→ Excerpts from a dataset
• • • • • • •

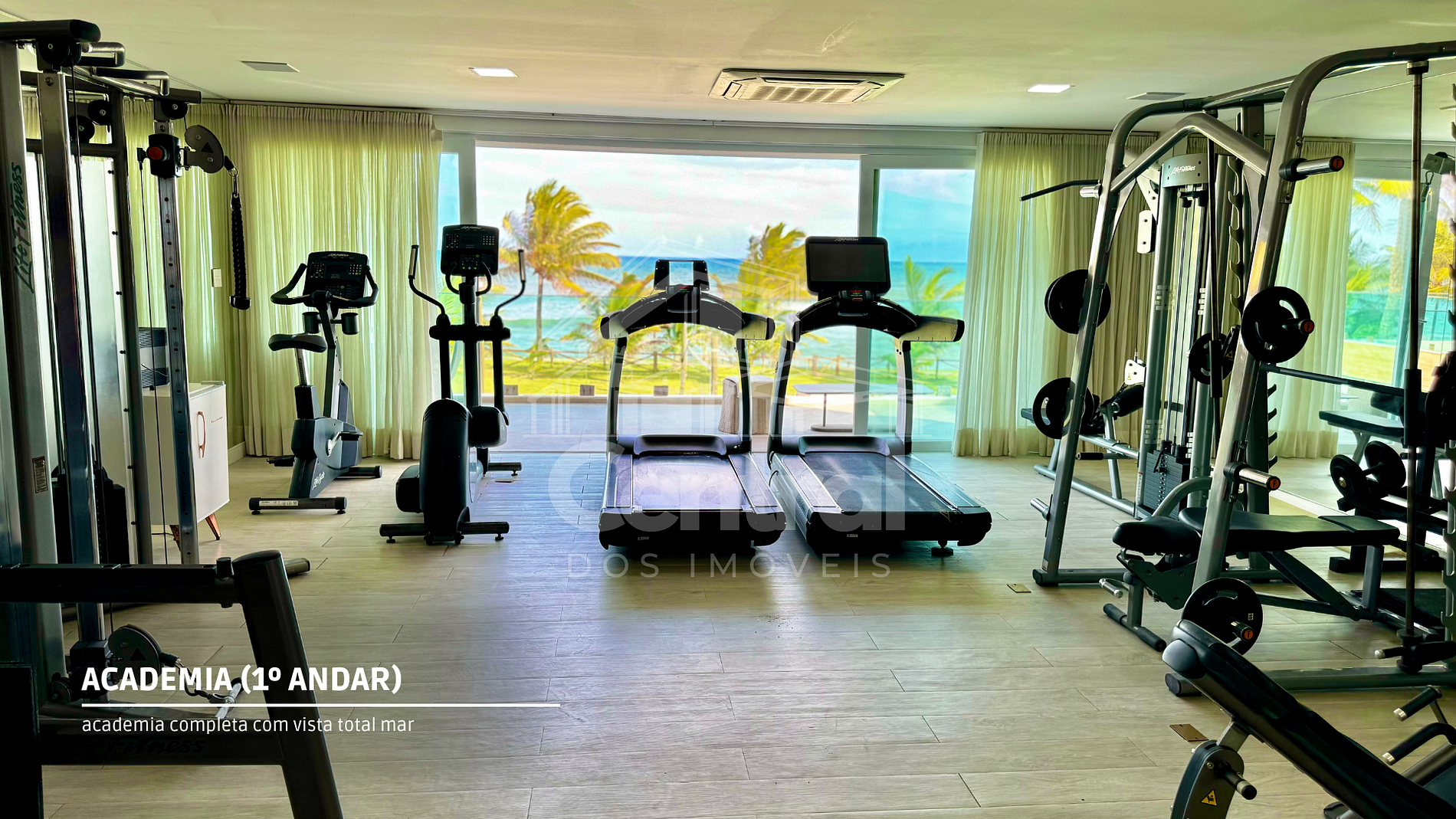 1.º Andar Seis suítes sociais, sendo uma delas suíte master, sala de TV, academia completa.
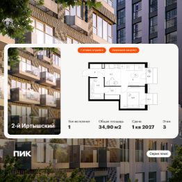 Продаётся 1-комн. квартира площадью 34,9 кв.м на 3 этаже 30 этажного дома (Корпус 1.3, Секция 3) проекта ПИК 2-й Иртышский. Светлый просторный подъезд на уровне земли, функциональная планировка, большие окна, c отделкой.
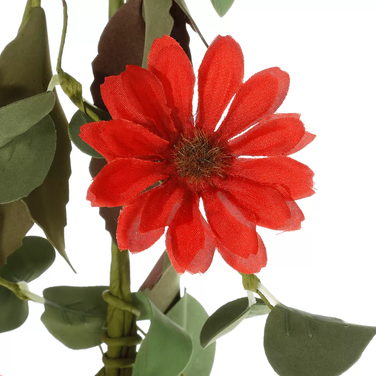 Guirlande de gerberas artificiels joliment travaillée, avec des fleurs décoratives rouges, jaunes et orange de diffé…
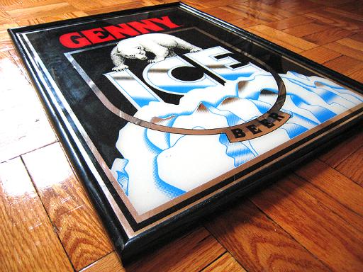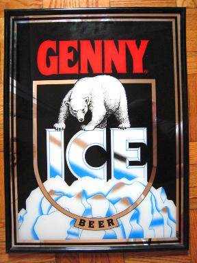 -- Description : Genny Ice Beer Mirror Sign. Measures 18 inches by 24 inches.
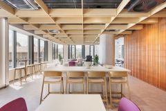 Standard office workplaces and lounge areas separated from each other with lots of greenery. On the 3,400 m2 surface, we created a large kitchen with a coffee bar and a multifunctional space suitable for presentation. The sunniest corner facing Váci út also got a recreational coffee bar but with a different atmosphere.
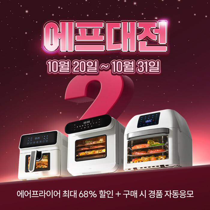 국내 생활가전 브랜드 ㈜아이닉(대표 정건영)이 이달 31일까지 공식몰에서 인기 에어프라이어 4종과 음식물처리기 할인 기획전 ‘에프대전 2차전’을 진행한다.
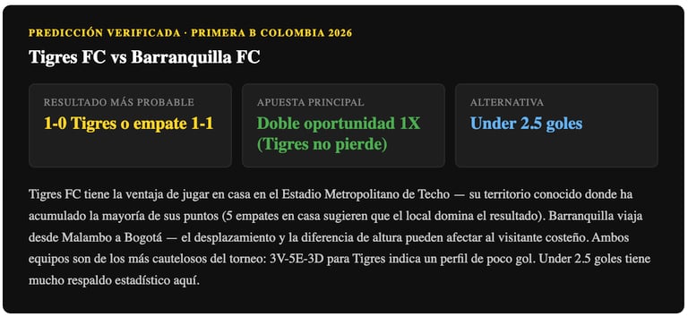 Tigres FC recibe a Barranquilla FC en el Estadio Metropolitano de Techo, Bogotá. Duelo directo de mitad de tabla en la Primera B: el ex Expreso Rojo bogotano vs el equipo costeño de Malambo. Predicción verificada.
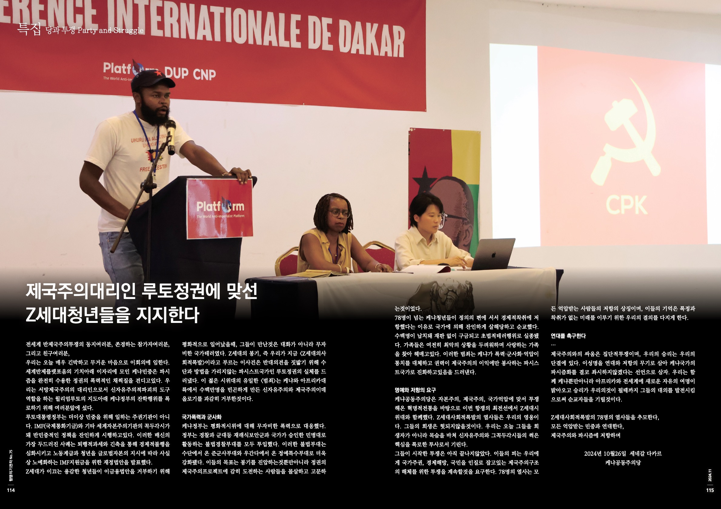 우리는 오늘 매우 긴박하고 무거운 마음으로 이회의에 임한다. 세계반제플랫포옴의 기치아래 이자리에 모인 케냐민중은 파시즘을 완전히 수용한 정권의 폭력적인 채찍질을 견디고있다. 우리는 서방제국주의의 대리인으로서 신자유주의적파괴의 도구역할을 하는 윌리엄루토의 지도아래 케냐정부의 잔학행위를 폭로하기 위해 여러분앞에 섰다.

• • • • • • •

→ What the exercise asks
Where a picture appears in the records above, omit it, and transcribe exactly the stretch of lines from the one with "Продаётся 1-комн. квартира" through the one with "Tigres FC recibe".

→ Exercise solution
 Продаётся 1-комн. квартира площадью 34,9 кв.м на 3 этаже 30 этажного дома (Корпус 1.3, Секция 3) проекта ПИК 2-й Иртышский. Светлый просторный подъезд на уровне земли, функциональная планировка, большие окна, c отделкой.
 Guirlande de gerberas artificiels joliment travaillée, avec des fleurs décoratives rouges, jaunes et orange de diffé…
 -- Description : Genny Ice Beer Mirror Sign. Measures 18 inches by 24 inches.
 Standard office workplaces and lounge areas separated from each other with lots of greenery. On the 3,400 m2 surface, we created a large kitchen with a coffee bar and a multifunctional space suitable for presentation. The sunniest corner facing Váci út also got a recreational coffee bar but with a different atmosphere.
 국내 생활가전 브랜드 ㈜아이닉(대표 정건영)이 이달 31일까지 공식몰에서 인기 에어프라이어 4종과 음식물처리기 할인 기획전 ‘에프대전 2차전’을 진행한다.
 Tigres FC recibe a Barranquilla FC en el Estadio Metropolitano de Techo, Bogotá. Duelo directo de mitad de tabla en la Primera B: el ex Expreso Rojo bogotano vs el equipo costeño de Malambo. Predicción verificada.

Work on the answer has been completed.